Martin & Rose (2007: 303-4):
The horizontal dimension of tenor, solidarity, is used to generalise across genres with respect to the alignment of social subjects into communities of all orders: networks of kith and kin, and collegial relations associated with more and less institutionalised activity (leisure and recreation, religion, citizenship and work).
There are degrees of integration into these communities related to the range and frequency of activities undertaken together and also to shared feelings about the value of what is going on. For example, a hardcore fan of Stevie Ray Vaughan will listen to more of his recordings more often and with more pleasure than ‘softcore' SRV fans, and will have more books and memorabilia, will spend more time on his websites, may even have made a pilgrimage to his grave and so on.

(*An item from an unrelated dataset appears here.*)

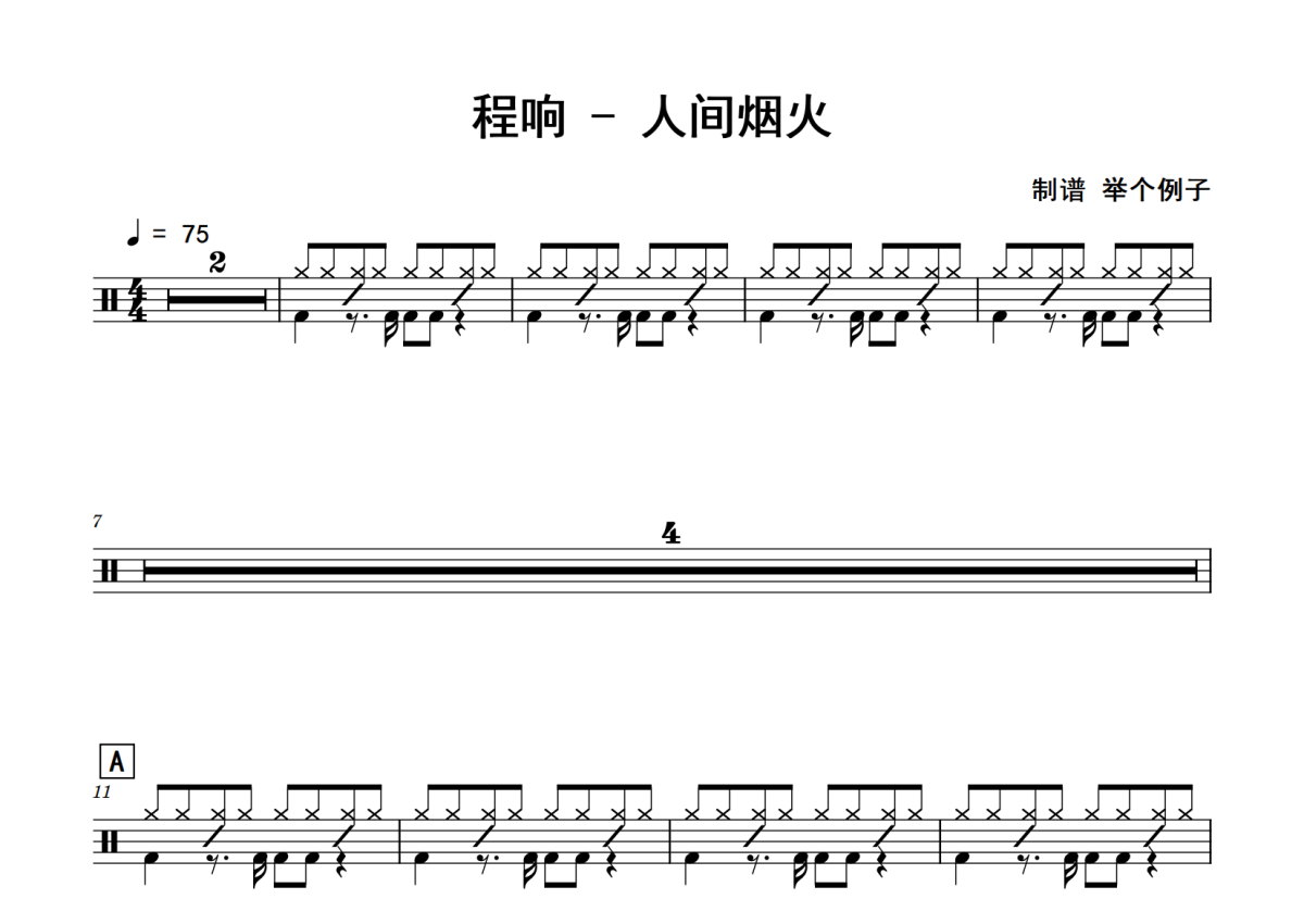 程响《人间烟火》鼓谱 - 架子鼓谱

The rave reviews of his recordings and videos on Amazon’s website suggest a finely tuned sense of membership which, quoting from his fans, we might scale from nucleus to periphery along the following lines:
Blogger Comments:
[1] To be clear, in SFL Theory, the contextual dimension of tenor is concerned with the enactment of speaker–addressee relations through language.
[2] To be clear, here Martin & Rose misconstrue social structure (their tenor) as their register (a functional variety of language) and propose, on their stratified model, that their genre (a type of text) is realised by social structure.